I realized that many of the conclusions and precepts that I thought were my own were really hers. They have just been adopted and are now claimed as “my own.’ I guess we are all like that in every area. None of us has an original thought. Everything that we “discover” has already been discovered, dissected, written about, taught on and lived out, long before we were even born. So ultimately I am a product of all that have gone on before me.

Before I drift too far away from my main point, let us cast a rope back towards my wife’s impact on my life and secure it for the rest of the blog posting.

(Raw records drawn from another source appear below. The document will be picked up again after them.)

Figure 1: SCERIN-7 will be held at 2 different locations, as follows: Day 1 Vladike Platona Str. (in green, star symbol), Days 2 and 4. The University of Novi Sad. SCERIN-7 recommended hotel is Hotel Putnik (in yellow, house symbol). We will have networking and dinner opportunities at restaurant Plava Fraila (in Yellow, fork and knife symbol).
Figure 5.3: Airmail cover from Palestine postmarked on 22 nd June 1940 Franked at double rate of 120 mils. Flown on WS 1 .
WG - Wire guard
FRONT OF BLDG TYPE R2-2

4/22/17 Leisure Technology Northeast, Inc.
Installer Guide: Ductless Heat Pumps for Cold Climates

I love how some turn of phrase can capture your whole attention and take you down and back on paths that had been forgotten or pushed deep into your psyche. I can remember times and conversations that we have had over the years which have shaped the way I think or view life, both physical and spiritual. I, if you know me well, know that I can be very convinced of my “rightness”. I will cling to that raft of “rightness” lest I am overturned and found wanting for intelligence or correct perspective.

But my wife has that ability to flip my lifeboat and dunk me into the waters of reality, then throws me a lifeline, which is secured to her perspective, maturity and stableness. She has that ability to see though me and discern between the crap and the truth. And all the time she is still loving me, in spite of my grandiose style and verbose manner.

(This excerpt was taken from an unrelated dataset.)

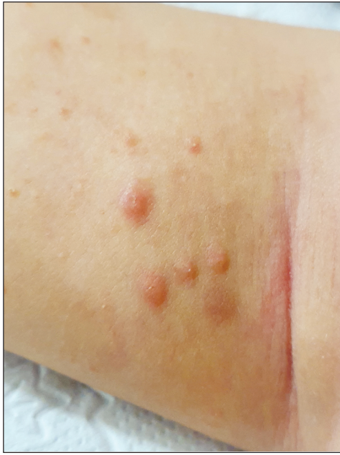
FIGURE 5: Itchy nodules on the right axilla of a two-year boy.

that not every patient is cured with a 3-day treatment are the other drawbacks. Nevertheless, it has been indicated as a cheap treatment. 7,8,12

“She has her fingerprints all over my brain.”

I recently listened to a podcast where the idea was discussed that marriage is part of the salvation process. Not that any work other that Christ’s death saves me but rather that salvation is a lifelong process. Earthly marriage is a type and shadow of what we can expect when we are united together in Christ. Should it not be a joyous union of heart, mind and soul? 1 Corinthians 7:16 states, ”For how will you know, O wife, whether you will save your husband? Or how do you know, O husband whether you will save your wife?” The implication is that she is part of the process in helping me to understand what my union with the Holy Trinity will be like.

None of us come to salvation by ourselves. There is always someone else there who leads or speaks or models Christ and thus we are drawn. It is in the community of believers that we work out the process of salvation.

I believe that my marriage to Deborah is part of the process of me “working out my salvation with fear and trembling”. My wife is part of that process which removes the stain of “me” and slowly helps me change into the image of God. We are all created in the image of God, thus we are “icons” or images of God. But sin and evil tarnish us. And by my wife being in my life, she is a part of the process where I am being restored into a beautiful, perfectly spotless icon of God.

Be ye therefore perfect, even as I am perfect.” Matthew 5:48

It is a process that I do not believe will be completed on this earth but is designed to prepare me for the eternal presence of God. He is coming back for a spotless bride.

I still have some cleaning up to do (with my wife’s help).

Still being fingerprinted after all these years!
Traveler

2 comments:

Barb Meyer said...

bg

Barb Meyer said...

Jeff, it is so funny that you are writing about this NOW. I have been having discussions with my daughter ~ you know her: Beth the Brilliant. We were having a discussion because she heard someone say, "It is not Kingdom for men and women to think they should be equal." She about came out of her skin. Her point: Different: ABSOLUTELY. But Scripture says in Christ there is neither slave nor free, Greek nor Jew, male nor female. They are equal! We began discussing Genesis 1:27 "So God created man (ADAM) in his own image, in the image of God he created him(ADAM), male and female he created them(ADAM)." So really we are not in any way complete -- we are only half of what God wants us to be, we are only half of the image of God, if you will, unless as couples we really are one. MALE and FEMALE -- if you will MALE plus FEMALE make us "man" or the ADAM God created. So all the stuff you referenced re:marriage and completion of salvation. I think you are totally RIGHT. Would LOVE LOVE LOVE to chat with you about all this. Jeff I am sure Deborah would write a corresponding blog -- your fingerprints all over her brain and her heart, and her spirit too. I LOVE THIS BLOG.